Evaluation
Evaluation plays a critical role for our partners. Funders, program planners, and policy makers are always seeking rigorous and reliable evaluations to inform resource allocation, demonstrate accountability, and improve essential services. Over the past 15 years, we have responded to community requests for evaluation expertise and capacity building opportunities. Within the past 3 years, there has been an increased emphasis from our partners on the need for increased capacity in evaluation within their communities.
Active Projects
In response to conversations with our community partners, who expressed the desire to better understand and meaningfully use evaluations, the Evaluation Capacity Network (ECN) was formed in 2014. The ECN bridges community-university evaluation gaps, serving as a central space where students, researchers, government, and community organizations can share and access evaluation expertise, resources, educational opportunities, and networks.
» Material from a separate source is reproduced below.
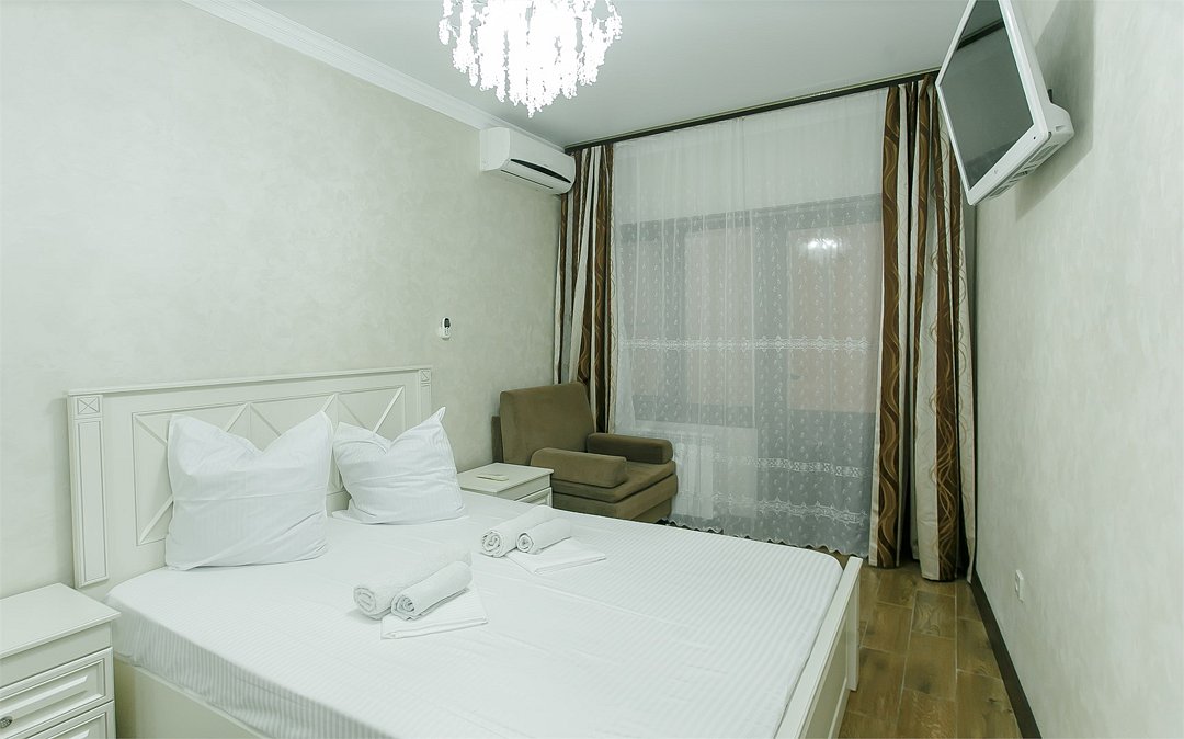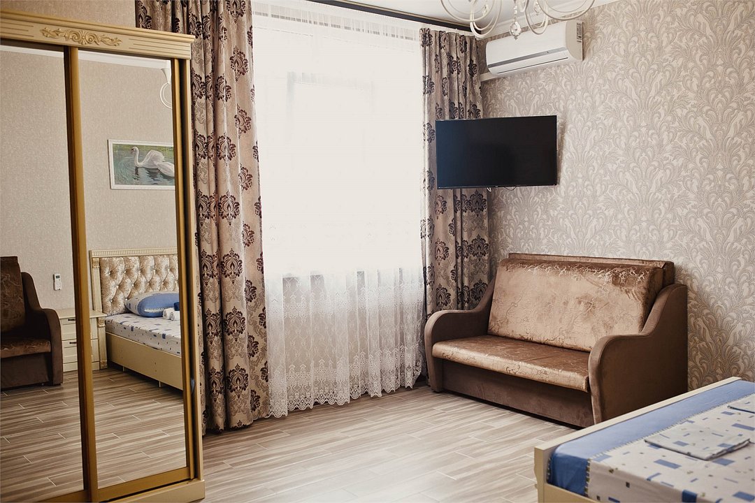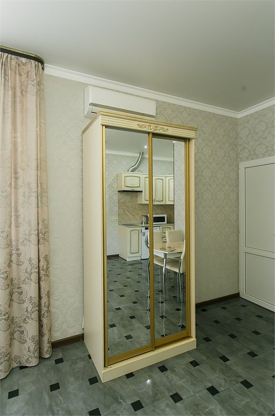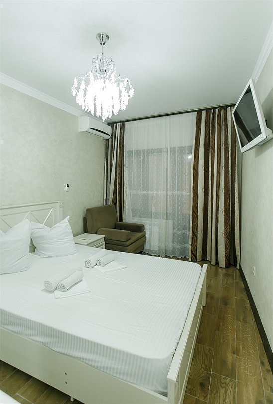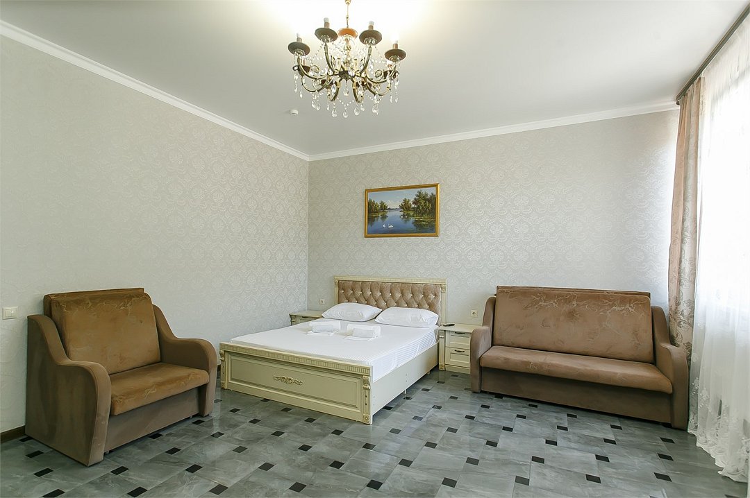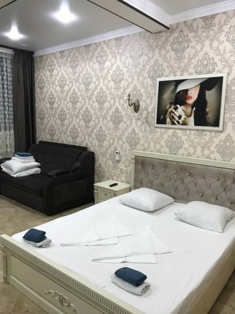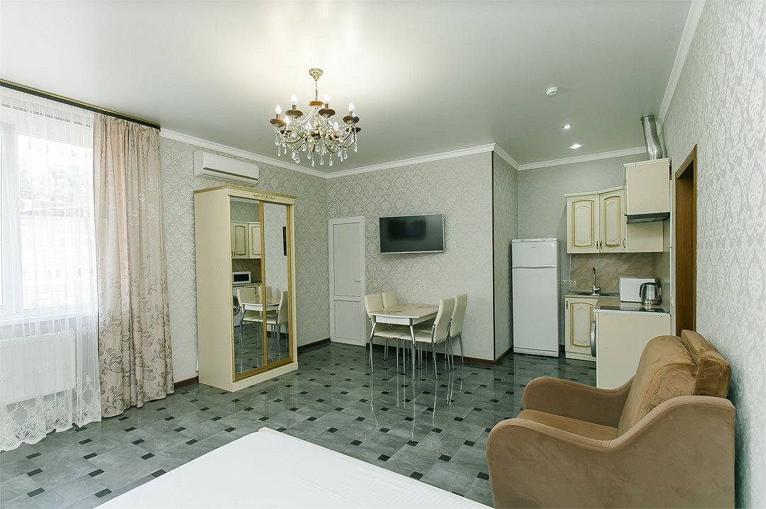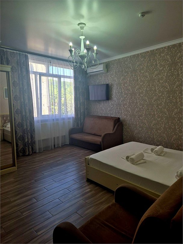 Студийный номер в который входит : санузел , кухня ( посуда , электро плита , чайник , микроволновка , холодильник , стиральная машинка ) , двуспальная кровать , диван ( раскладной на 2 человека ) , кресло (раскладное на 1 человека ) , телевизор , кондиционер .Услуги и удобства

Community organizations have limited resources to meet the increasing demands for evaluation that informs funding decisions, improves essential services, and demonstrates accountability.
The ECN seeks to enhance evaluation capacity building opportunities; serve as an evaluation broker by developing and implementing evaluations; develop an interdisciplinary network of evaluation stakeholders; and increase cross-sector dialogue to bridge funder and agency perspectives on evaluation. The ECN's ultimate goal is to build evaluation capacity that informs practice, programs and policy.
CUP and the Faculty of Extension are supporting the evaluation plan for the AIFY initiative. The All in For Youth (AIFY) initiative is a school-based, collaborative model of services and programs for children, youth, and families that support the overall wellbeing of students to help them achieve success in their schooling. These collaborative and wraparound supports include student mentoring, mental health supports, family supports, nutrition support, school supports, and out of school care. AIFY is currently running in 5 inner-city schools in Edmonton spanning elementary to high school age children and will carry through this pilot until 2019.
Completed Projects
CUP, Terra Centre, and Brentwood Housing Society have come together to develop a model of supportive housing for teen families using an evaluative approach. In collaboration, Terra and Brentwood provide safe, secure and affordable housing and wraparound supports to teen parents and their children. Through evaluation, the partnership will learn about and improve the current model, while understanding the impacts of these supports on the children and parents.
An initiative to study and evaluate knowledge-mobilization practices and to build both university and community capacity for community-based research and knowledge sharing.
ECMERC was a resource centre created to assist clinicians, community program staff and managers, evaluators, funders, researchers, and policymakers to understand the purposes, uses, and limitations of early childhood measurement tools.
A study of practices and outcomes associated with mentoring children in elementary schools.